> _WHAT YOU ARE ASKED TO DO_
Omit every picture while repeating the entries exactly.

[Records drawn from a dataset]
=== Begin Enclosure ===

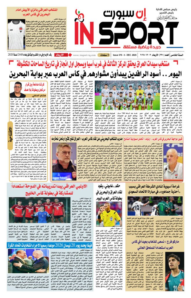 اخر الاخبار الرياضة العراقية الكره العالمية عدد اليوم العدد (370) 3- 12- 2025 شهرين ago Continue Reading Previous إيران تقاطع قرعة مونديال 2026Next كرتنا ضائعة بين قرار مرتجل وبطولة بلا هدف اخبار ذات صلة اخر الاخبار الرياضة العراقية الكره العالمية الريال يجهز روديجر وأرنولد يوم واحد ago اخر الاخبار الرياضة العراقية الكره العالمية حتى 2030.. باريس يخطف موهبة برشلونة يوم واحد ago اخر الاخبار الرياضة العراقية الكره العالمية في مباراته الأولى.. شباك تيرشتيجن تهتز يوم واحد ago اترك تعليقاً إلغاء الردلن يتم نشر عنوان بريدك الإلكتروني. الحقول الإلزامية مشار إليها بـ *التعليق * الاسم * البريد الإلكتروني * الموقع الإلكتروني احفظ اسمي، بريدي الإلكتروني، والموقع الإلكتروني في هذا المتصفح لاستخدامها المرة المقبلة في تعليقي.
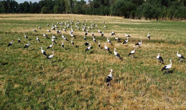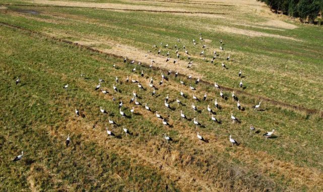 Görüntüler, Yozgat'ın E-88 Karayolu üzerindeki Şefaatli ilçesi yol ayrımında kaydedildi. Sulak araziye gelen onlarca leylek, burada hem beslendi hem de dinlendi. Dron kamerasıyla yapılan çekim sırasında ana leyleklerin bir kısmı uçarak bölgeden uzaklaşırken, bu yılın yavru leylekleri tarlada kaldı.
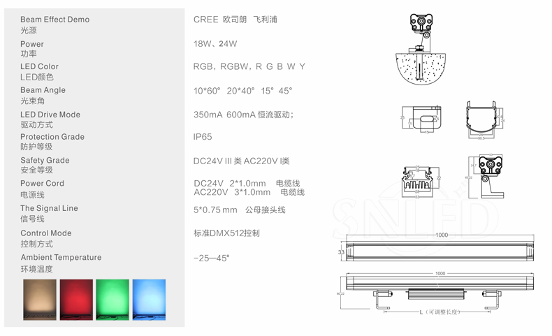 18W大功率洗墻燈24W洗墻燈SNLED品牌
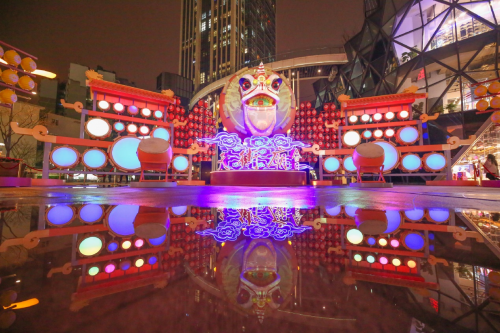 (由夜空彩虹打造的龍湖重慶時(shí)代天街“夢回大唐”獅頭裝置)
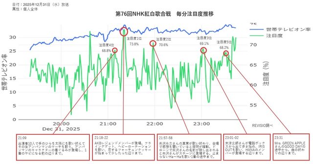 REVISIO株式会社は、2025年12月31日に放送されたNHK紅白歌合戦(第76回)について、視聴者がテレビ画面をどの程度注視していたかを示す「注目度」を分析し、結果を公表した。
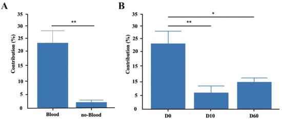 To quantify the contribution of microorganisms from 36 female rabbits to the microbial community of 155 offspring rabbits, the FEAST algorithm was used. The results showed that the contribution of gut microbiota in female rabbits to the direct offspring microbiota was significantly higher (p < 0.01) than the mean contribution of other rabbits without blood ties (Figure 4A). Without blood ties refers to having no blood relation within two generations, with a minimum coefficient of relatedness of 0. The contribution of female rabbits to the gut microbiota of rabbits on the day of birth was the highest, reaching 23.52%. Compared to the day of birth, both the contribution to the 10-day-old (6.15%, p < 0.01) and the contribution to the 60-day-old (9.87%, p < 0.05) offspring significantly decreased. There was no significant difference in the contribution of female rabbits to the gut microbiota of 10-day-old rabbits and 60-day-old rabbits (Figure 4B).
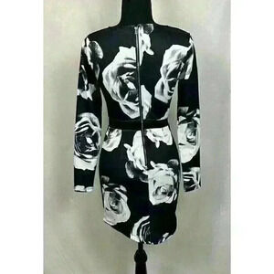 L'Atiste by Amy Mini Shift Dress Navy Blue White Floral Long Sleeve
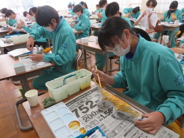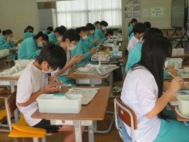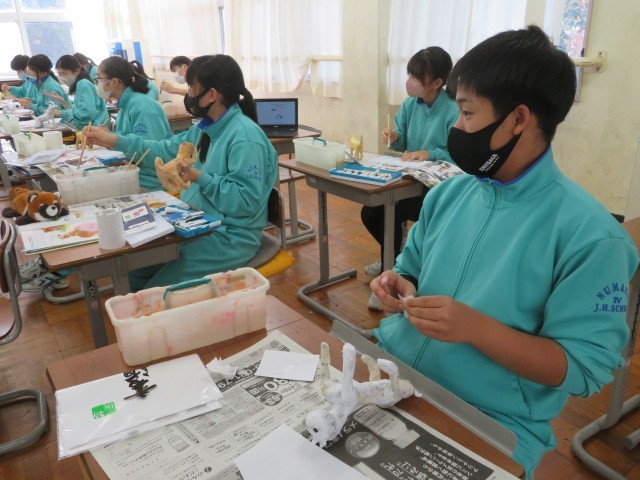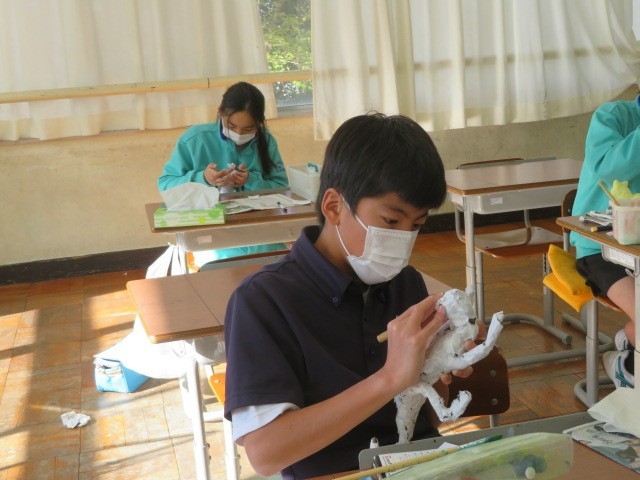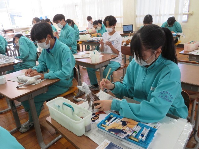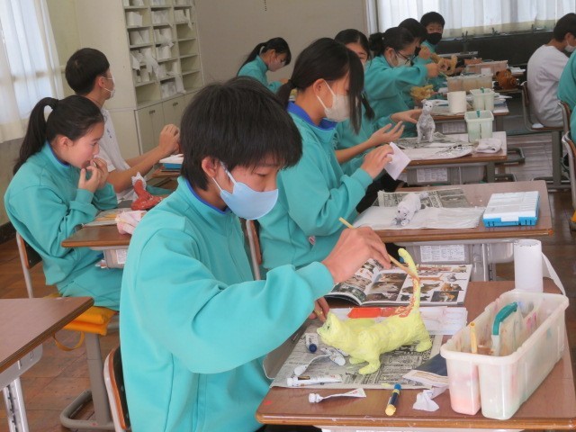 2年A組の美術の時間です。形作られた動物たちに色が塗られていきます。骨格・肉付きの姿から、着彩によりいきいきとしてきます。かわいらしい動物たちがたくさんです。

=== End Enclosure ===

> _SOLUTION_
 اخر الاخبار الرياضة العراقية الكره العالمية عدد اليوم العدد (370) 3- 12- 2025 شهرين ago Continue Reading Previous إيران تقاطع قرعة مونديال 2026Next كرتنا ضائعة بين قرار مرتجل وبطولة بلا هدف اخبار ذات صلة اخر الاخبار الرياضة العراقية الكره العالمية الريال يجهز روديجر وأرنولد يوم واحد ago اخر الاخبار الرياضة العراقية الكره العالمية حتى 2030.. باريس يخطف موهبة برشلونة يوم واحد ago اخر الاخبار الرياضة العراقية الكره العالمية في مباراته الأولى.. شباك تيرشتيجن تهتز يوم واحد ago اترك تعليقاً إلغاء الردلن يتم نشر عنوان بريدك الإلكتروني. الحقول الإلزامية مشار إليها بـ *التعليق * الاسم * البريد الإلكتروني * الموقع الإلكتروني احفظ اسمي، بريدي الإلكتروني، والموقع الإلكتروني في هذا المتصفح لاستخدامها المرة المقبلة في تعليقي.
 Görüntüler, Yozgat'ın E-88 Karayolu üzerindeki Şefaatli ilçesi yol ayrımında kaydedildi. Sulak araziye gelen onlarca leylek, burada hem beslendi hem de dinlendi. Dron kamerasıyla yapılan çekim sırasında ana leyleklerin bir kısmı uçarak bölgeden uzaklaşırken, bu yılın yavru leylekleri tarlada kaldı.
 18W大功率洗墻燈24W洗墻燈SNLED品牌
 (由夜空彩虹打造的龍湖重慶時(shí)代天街“夢回大唐”獅頭裝置)
 REVISIO株式会社は、2025年12月31日に放送されたNHK紅白歌合戦(第76回)について、視聴者がテレビ画面をどの程度注視していたかを示す「注目度」を分析し、結果を公表した。
 To quantify the contribution of microorganisms from 36 female rabbits to the microbial community of 155 offspring rabbits, the FEAST algorithm was used. The results showed that the contribution of gut microbiota in female rabbits to the direct offspring microbiota was significantly higher (p < 0.01) than the mean contribution of other rabbits without blood ties (Figure 4A). Without blood ties refers to having no blood relation within two generations, with a minimum coefficient of relatedness of 0. The contribution of female rabbits to the gut microbiota of rabbits on the day of birth was the highest, reaching 23.52%. Compared to the day of birth, both the contribution to the 10-day-old (6.15%, p < 0.01) and the contribution to the 60-day-old (9.87%, p < 0.05) offspring significantly decreased. There was no significant difference in the contribution of female rabbits to the gut microbiota of 10-day-old rabbits and 60-day-old rabbits (Figure 4B).
 L'Atiste by Amy Mini Shift Dress Navy Blue White Floral Long Sleeve
 2年A組の美術の時間です。形作られた動物たちに色が塗られていきます。骨格・肉付きの姿から、着彩によりいきいきとしてきます。かわいらしい動物たちがたくさんです。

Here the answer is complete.